E’ emerso un effetto minimo relativamente allo span avanti sia verbale sia visuo-spaziale in accordo
con i dati della letteratura (Carretti et al., 2013).
Relativamente al questionario PDQ-39 per la valutazione della qualità di vita dei pazienti con
Morbo di Parkinson l’aspetto del benessere psicologico risulta essere il più rilevante (40,30 %),
ossia la maggior parte dei soggetti mostra rabbia e risentimento a causa della malattia con numerose
ansie relative al proprio futuro; un altro aspetto significativo è relativo allo stigma (39,50 %), per
cui nelle prime fasi della malattia molti soggetti tendono a tenere nascoste le difficoltà emergenti,
provando addirittura vergogna in determinate circostanze. Altro dato importante è relativo ai danni
cognitivi (38 %) i quali inficiano sin dalle prime fasi la qualità di vita del soggetto che riferisce di
avere difficoltà di memoria e non riesce più a concentrarsi (leggere un libro o vedere la televisione).
Per il soggetto tali difficoltà sono più invalidanti del disagio fisico (29,10 %) e della mobilità (29,20
%). Infine la maggior parte dei soggetti riferisce di avere una buona rete sociale (supporto sociale
2,70 %) di familiari e caregivers che si prendono cura di loro, aiutandoli nell’affrontare le difficoltà.
Conclusioni
Il training ha evidenziato effetti statisticamente significativi sulla working memory e in generale
sulla velocità di elaborazione, mostrando la tendenza ad un aumento dell’attenzione alternata,
shifting attentivo, capacità d’inibizione e flessibilità cognitiva.

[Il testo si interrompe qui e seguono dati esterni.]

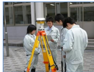
実習風景1(土木情報科)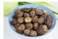
光面菇 Smooth Mushroom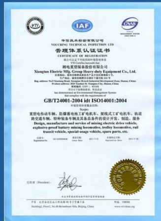
Байгаль орчны менежментийн ISO14001-2004 гэрчилгээ

Рио Тинто компанитай хамтран ажиллаж эхэлсэн цагаас олон улсын стандартын дагуу автосамосвал үйлдвэрлэж байна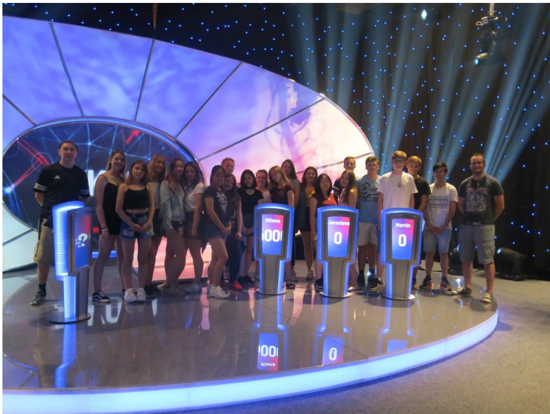
Projekt „Ještě nekončíme 2018“ – návštěva České televize

Pohyb je život – I. stupeň Podzim – I. stupeň Zima – I. stupeň Jaro – I. stupeň Výroba dárků pro budoucí prvňáčky – I. a II. stupeň Ještě nekončíme – 9. A, B, C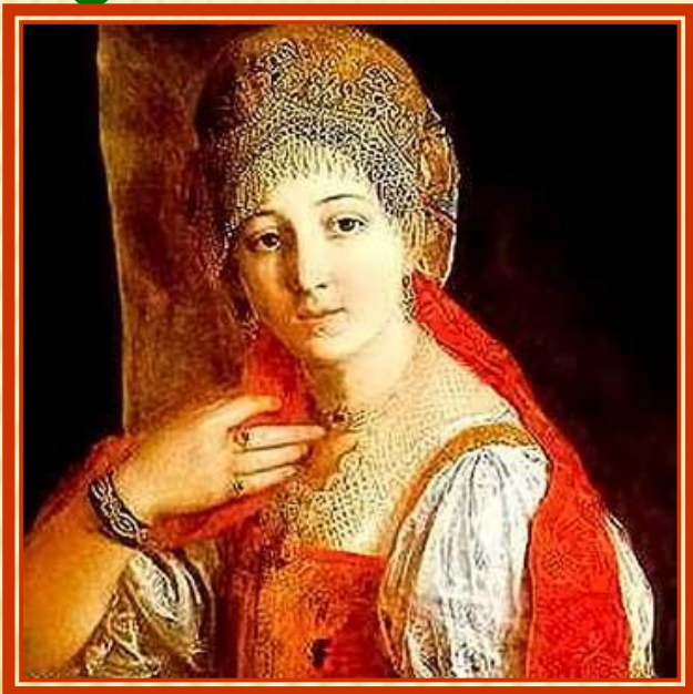
Елена Глинская, мать Иоанна Грозного, 1508 — 1538

Губная реформа — реформа в Русском государстве в части местного управления, произведённая в XVI веке во время правления матери Ивана IV Елены Глинской. Реформа была вызвана обострением социальной борьбы. Выборные губные учреждения образовывались для преследования разбойников и суда над ними, также решали дела о воровстве, заведовали тюрьмами и регистрировали приезжих и проезжающих людей. «Выборный голова» (губной староста) был из местных детей боярских. В помощь им из зажиточных крестьян избирались губные целовальники

I risultati appaiono di interesse per diversi motivi. Il primo è legato al fatto che il training è stato
messo in confronto con una condizione di controllo attivo. In letteratura è infatti riportato che
spesso l’effetto dei training cognitivi emerge solo se confrontato con una condizione di rest,ovvero
di non trattamento; quando invece confrontato con una condizione di controllo attivo, il
miglioramento ottenuto grazie al training spesso risulta simile a quello che si ottiene nella
condizione di controllo, pertanto il miglioramento appare legato a fattori aspecifici piuttosto che al
training cognitivo. I risultati di questo studio pilota, invece, ci consentono di apprezzare un
miglioramento specificamente legato al training adattivo di working memory.
Inoltre è bene sottolineare che si sono ottenuti effetti positivi nonostante il campione in esame
piuttosto esiguo (12 partecipanti) e la durata breve dell’allenamento cognitivo (due settimane).
E’ fondamentale sottolineare l’importanza del mantenimento a lungo termine dei risultati ottenuti;
per tale motivo è necessario prendere in esame il mantenimento nel tempo dei risultati attraverso un
ulteriore approfondimento valutativo (follow – up) a distanza di 8-10 mesi.
Tutti questi dati risultano incoraggianti per il proseguimento dello studio ampliando il campione al
fine di aumentare quindi la potenza statistica dell’analisi.